Potential threat: Flokibot, malware for PoS devices
In addition to hundreds of thousands of computers across the globe being affected by Wannacry ransomware in the past few weeks, an area of concern for the financial services sector could be a potential threat from a malicious software (malware) called Flokibot that could affect the integrity of the large network of point-of-sale (PoS) terminals. The Indian Computer Emergency Response Team (CERT-In) had issued an alert about the malware back in February, and said that the trojan virus was capable of stealing the banking credentials of customers from PoS machines.
Following the government’s push to digital payments, and reduction in both transaction cost as well as acquisition price of PoS terminals, banks have added more than 10 lakh PoS machines in the five-month period between November 2016 and March 2017. The number of PoS machines at the end of March 2016 stood at 13.82 lakh and rose to 15.12 lakh at the end of October 2016.
However, the RBI data shows that in the next five months (during and post-demonetisation period), banks added 10.16 lakh PoS machines taking the aggregate number to 25.28 lakh.

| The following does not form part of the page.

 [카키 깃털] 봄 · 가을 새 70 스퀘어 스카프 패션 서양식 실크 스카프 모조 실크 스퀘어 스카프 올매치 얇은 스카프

Reportedly, the Flokibot malware has already affected the PoS infrastructure in Brazil, with some incidents also being spotted in the US, Paraguay, Australia, and Argentina. “The malware is believed to be the modified version of Zeus malware with enhanced capabilities of infecting Point of Sale (PoS) devices/terminals targeting banking/financial information,” CERT-In noted in its alert.

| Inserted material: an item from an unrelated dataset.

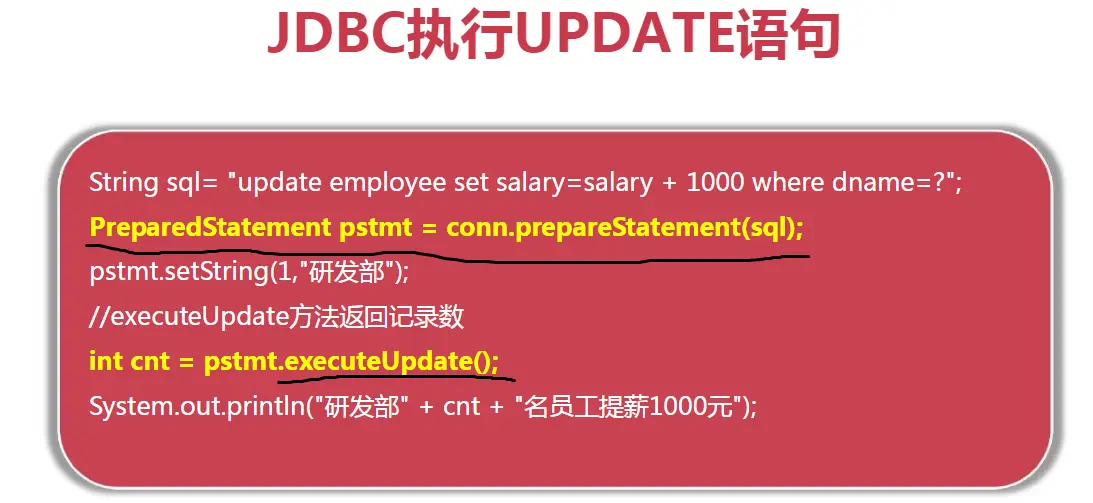 (1)更新也是使用PreparedStatement对象的executeUpdate()方法;

“The malware mainly targets the Windows operating systems. The malware uses several propagation mechanisms which include spear phishing emails containing malicious attachments pretending to be PoS/software updates, scanning and exploitation of vulnerabilities of remote administrative applications, exploitation of weak or default credentials, physical access to PoS machines for installing malware, compromising the machines providing remote support for PoS installations etc,” the central cyber-security agency said.
Apart from stealing credentials of customers, as per the alert, the malware could also steal various card information such as CVV data from PoS systems. “The malware has the capability of exfiltrating payment cards data from the memory regions of several windows processes,” CERT-In said.

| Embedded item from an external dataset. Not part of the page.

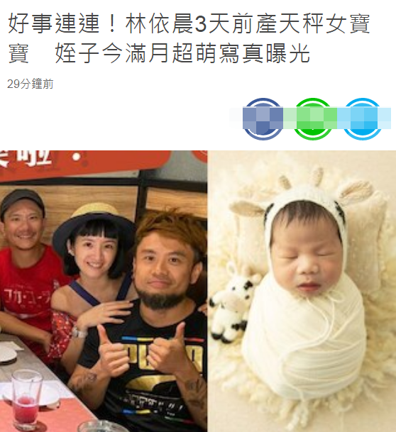 10月21日晚,台媒突然曝光一张小孩婴儿照,起初以为是林依晨的女儿,结果才发现是林依晨的小侄子。原来林依晨家里双喜临门,她的弟弟林维圣在9月21日喜得麟儿,至21日刚好满月,大方公开孩子的正面照。
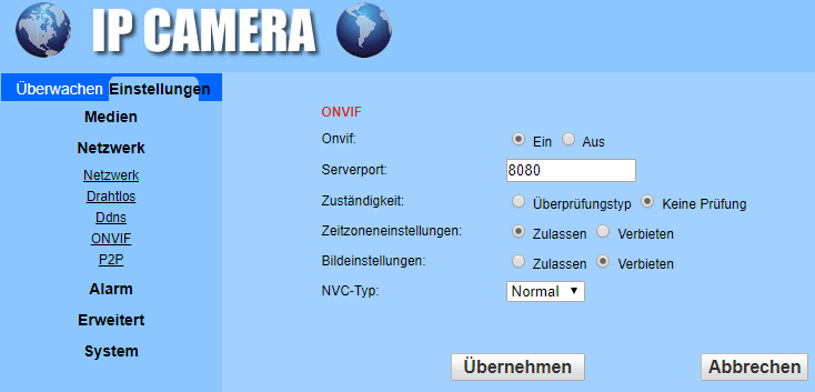 Das Menü der IP-Cam wird über eine zugewiesene IP meines Routers erreicht: 192.169.x.x und dort habe ich schonmal einen eigenen Namen und ein starkes Passwort gesetzt. WLAN habe ich auch deaktiviert.

It has prescribed countermeasures to prevent a potential attack on the PoS infrastructure, suggesting that all PoS computers and PoS application software must be kept thoroughly updated, and the systems involved with PoS activities should be restricted to that. It also suggested that organisations and merchants providing PoS services review all system logs for any strange or unexplained activity, and anti-malware engines must be installed and kept up-to-date to shield the systems from such attacks.
It may be noteworthy that in 2016 a malware attack affecting ATM machines of Hitachi during three months of May, June and July, resulted in around 3.2 lakh debit cards being compromised in the country. These affected ATMs were deployed by various white label ATM companies and Yes Bank. On Monday, the RBI asked all the banks to update the software deployed on their ATMs to prevent a malware attack. Furthermore, experts have also recommended that to prevent any cyber-attacks, key financial and infrastructure systems must be regularly updated.